Processing the Pictures:
A Letter to Those
Covering the Carnage


by Rebecca Coates Nee


We gasp as we repeatedly watch your video. We cry at your pictures. We see the destruction, the suffering, the raising of the flag.

We respond with numbness to the images you bring us. We don’t want to absorb the horrific nature of what you’re showing us. So we turn it off, flip the page. But you can’t.

The firefighters grieve for their fallen comrades. The financial traders mourn the loss of their coworkers. The pilots shudder at the horror their colleagues succumbed to in the cockpit.

Now it is time for the journalists – the keepers of objectivity and composure with nerves as strong as the beams that hold down the rubble – to recognize our grief, to understand that we are human too. The problem is journalists seem to be the only professionals who regularly witnesses tragedy yet are never afforded the same compassion and counseling available to others dealing with disaster. Instead of empathy, the media are often lumped in with the enemy.

I remember covering my first body many years ago when I was a one-man-band at a small station in Northern California. “Keep looking through the viewfinder,” a photographer from a competing station advised me, “it will seem less real.”

For those of you who covered the aftermath of the attacks on the Pentagon and World Trade Center, viewing the scene only through your lens is impossible. You may be able to erase the images on video but you will never delete them from your mind. For now, you probably just want the movie to stop re-running in your head.

I can’t make that happen, but as a former photojournalist, a survivor of violent crime and now a personal life coach, I have these suggestions on how to cope with what you have covered:

1. Admit your emotions to yourself and others. All the macho, awards and adrenaline in the world won’t get you through this one. When your schedule slows down and the shock wears off, be prepared to feel the sadness even more. Understand the importance of grieving. If you don’t, it will show up in other ways at other times.

2. Talk it out. Find an empathetic relative, friend or counselor who will just listen as you describe what you felt and saw.

3. Write it out. Writing can release the emotions and anxiety that you may be trying to hide. Don’t try to edit yourself, just let the pen go no matter how stupid you think it sounds – you’ll be surprised at what comes out. Write about feelings of anger, grief, guilt and confusion. All those emotions are normal.

4. Replace the mental images with positive ones. Get out your best beauty shots, your favorite feature packages. Take more video or pictures of things that bring you joy. Let your creativity loose.

5. Don’t make any major decisions for at least a month. What you’ve seen is traumatic and may cloud your judgment.

6. Still, don’t disregard the perspective this incident has brought to you. Many people are viewing their lives, families and careers differently. You may want to re-prioritize your life in a more fulfilling way – that may be one benefit of this tragedy.

7. Take breaks when you can and pace yourself. Don’t try to be a superhero at work. If you can get away, do it.

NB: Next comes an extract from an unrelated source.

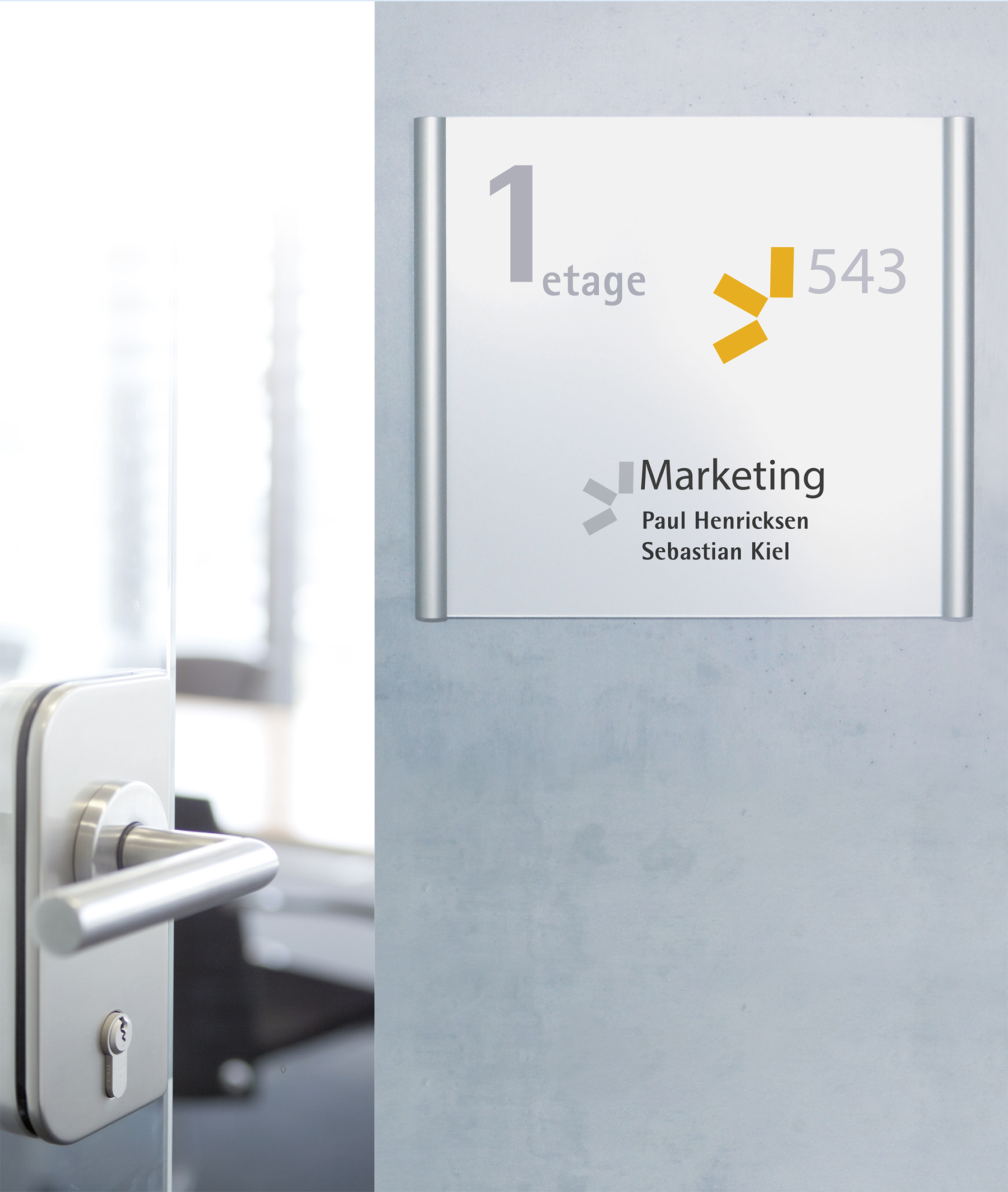 ... with a visible width of 200 mm when occupancy plans, extensive information or large, easily recognizable lines of text are to be displayed. The large format enables inscription inserts in DIN A4 width. Based on simple, geometric basic shapes, the rohr+fläche door sign has become a classic. The original since 1991 has been awarded numerous design prizes.

You’ll be a much better journalist and person if you do.

8. Appreciate what you do have in your life; focus on what you have accomplished and what you are grateful for – even the little things.

9. Establish a daily routine that includes healthful habits you enjoy. For example: working out, listening to music you love, going for an early morning bike ride or walk, watching a sunset. Routines add structure back to our lives and eliminate some of the confusion.

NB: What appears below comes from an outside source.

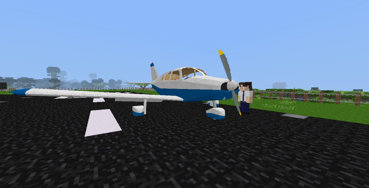 This is an implementarion to minetest of the Piper PA28. It is far from the real plane, as it is adapted to a minetest scale and behaviour. It was inspired on brazilian version of it, the EMB-712 Tupi. In order to fly, it is necessary to first supply the airplane with biofuel. Then with a bottle or gallon selected, punch it against the airplane. You can use 10 bottles them to fill the tank. See the fuel gauge on the airplane panel (right below, with a green F). To embark, click with the right button. While the machine is off, it is possible to move it using the sneak and jump keys (shift an space). W ans S controls the pitch (elevator). Right and Left (A and D) controls the yaw (rudder and ailerons).

10. Recognize the signs of post-traumatic stress or depression: difficulty sleeping, trouble with intimacy, withdrawal, anxiety, overwhelming sadness, inability to perform normal activities. Get professional help if these emotions continue for more than a week.

Here are some resources on line that may help:

http://www.psycom.net/depression.central.html
http://www.nimh.nih.gov/publicat/depression.cfm
http://www.mentalhealth.com/bookah/p44-dp.html

Depression assessments and self tests:

http://www.psych-net.org/test/dep-test.html
http://www.med.nyu.edu/Psych/screens/depres.html
http://www.womens-health.com/health_center/mental/depress_assess.html

Finally, understand that you are a more enlightened, compassionate photographer and human being because of what you have seen. You will no longer be able to live life just through your lens. And you and your craft will be better for it.